DETAILED DESCRIPTION AND BEST MODE OF IMPLEMENTATION

[0036] With reference now to the drawings, wherein like numerals designate like parts, FIG. 1 is a front view of a CNC milling machine 1 with coolant delivery system 3 mounted on spindle head 5. Cutting tool 8 is mounted in collet 10 and driven by spindle assembly 12. The tip 14 of cutting tool 8 is frequently the target for application of coolant. Work piece 16 is mounted on table 18 which is supported by saddle 19 and driven by driving means 20.

[0037] As shown in FIG. 2 coolant delivery system 3 includes a base or housing 22, which may contain the coolant delivery system computer and software (not shown), and a rotating nozzle block 24. Two coolant nozzles 26 and 28 are shown mounted to rotating nozzle block 24. Conventional driving means (not shown) are used to rotate rotating nozzle block 24 relative to base 22 under computer control. Conventional coolant storage tank, pump, solenoid and coolant hoses (not shown) are used to supply coolant to coolant nozzles 26 and 28. As best seen in FIG. 2 rotating nozzle block 24 has been positioned so that coolant nozzles 26 and 28 are targeting tool tip 14.

[0038] FIG. 3 shows another front view of a CNC milling machine 1 with coolant delivery system 3. FIG. 4 is an enlarged view of the mill shown in FIG. 3 showing more detail in the region of coolant delivery system 3. As best seen in FIG. 4 rotating nozzle block 24 has been rotated to direct coolant nozzles 26 and 28 towards the interface 30 of work piece 16 and tool tip 14.

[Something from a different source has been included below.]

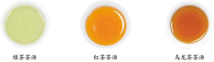 我国六大类茶在色泽上也有明显的区别。绿茶是不发酵茶,具有清汤绿叶的特点,汤色鲜灵清纯、莹亮清澈。红茶是全发酵茶,其干茶呈黑褐色,茶汤红艳明亮。红茶中的代表祁门红茶汤色红亮,云南“滇红”则汤色红浓。白茶属于微发酵茶,其干茶毫色银白,冲泡后,茶汤黄亮清澈,叶底嫩匀、叶片白色、叶脉翠绿。黄茶的特点是黄汤黄叶,汤色以黄汤明亮为好,暗黄或浊黄为次。乌龙茶属于半发酵茶,上品的乌龙茶干茶颜色或墨绿乌润或青绿油润,次等的乌龙茶干茶表面则呈乌褐色、褐色或橘红色;上品的乌龙茶茶汤呈金黄色或橙黄色,且清澈明亮,而质量次的乌龙茶汤色浑浊、红暗。黑茶属于后发酵茶,优质的黑茶茶汤明亮清澈,茶汤中没有悬浮的絮状物等杂质,茶叶叶底匀亮完整。

[0039] The embodiment shown in FIG. 5 is a front view of a CNC lathe 40 with coolant delivery system 3 mounted on lathe enclosure 44. Cutting tool 46 is mounted on cross slide 48. A work piece 50 is mounted in chuck 52 which is driven by driving means 54. Coolant delivery system 3 includes base 56, rotating block 57, and rotating nozzle block 24. Coolant nozzles 26 and 28 are mounted to rotating nozzle block 24. In the operating mode shown in FIG. 5 coolant nozzles 26 and 28 are targeting the interface 60 between work piece 50 and cutting tool tip 61. A conventional coolant storage tank, pump, solenoid and coolant hose (not shown) are used to supply coolant to coolant nozzles 26 and 28.

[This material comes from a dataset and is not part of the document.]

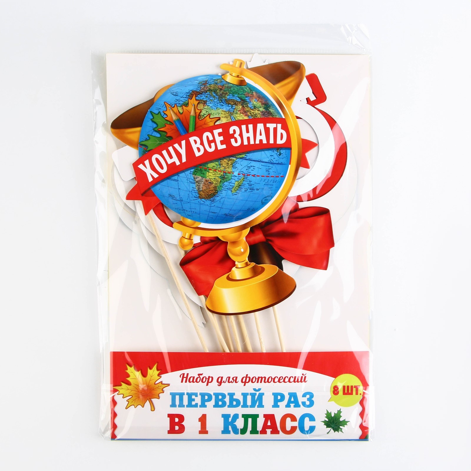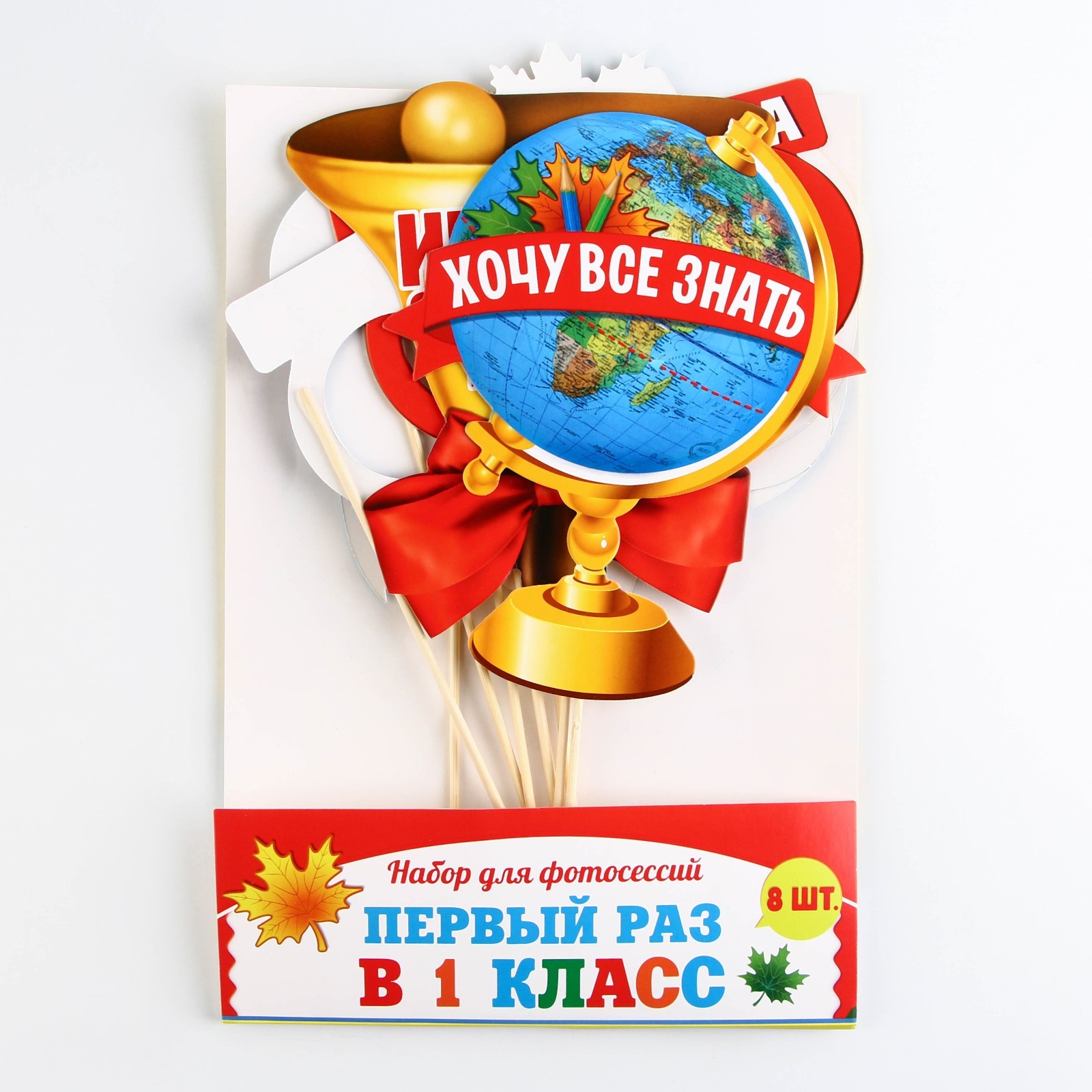 Набор фотобутафории на 1 сентября «первый раз в 1-ый класс», 8 предметов.. В набор входят 8 ярких тематических предметов на деревянной ножке, которые преобразят вас до неузнаваемости. Размеры: «1 класс» – 15,2 х 15,4 см; «Буду учиться» – 18,4 х 15,9 см; «Глобус» – 15,2 х 18,9 см; «Иду в школу» – 18,4 х 15,9 см; «Колокольчик» – 15,5 х 18 см; «Очки» – 16 х 11,4 см; «Учитель» – 18,4 х 15,9 см; Набор:Да|Цвет:Разноцветный|Для кого:Унисекс|В наборе, шт.:8|Вид упаковки:Пакет|Тематика праздника:1 Сентября|Материал:Картон|Страна:Китай  развернуть описание ▼

[0040] FIG. 6 shows a schematic of the fluid delivery control system. CNC machine control computer and software 70 controls the overall machining process. CNC machine control computer and software 70 interacts with G-Code part program 72 to determine which tool to use at a given time and how to guide that tool relative to a work piece. CNC machine control computer and software 70 reads tool geometry data from tool data table 74 and information on machine position relative to the work piece from machine position data 76.

[0041] When CNC machine control computer and software 70 receives instructions relevant to coolant delivery from G-Code part program 72 it provides that information to coolant delivery system computer and software 78. CNC machine control computer and software 70 also provides information to coolant delivery system computer and software 78 regarding tool position, work piece position and the machining process.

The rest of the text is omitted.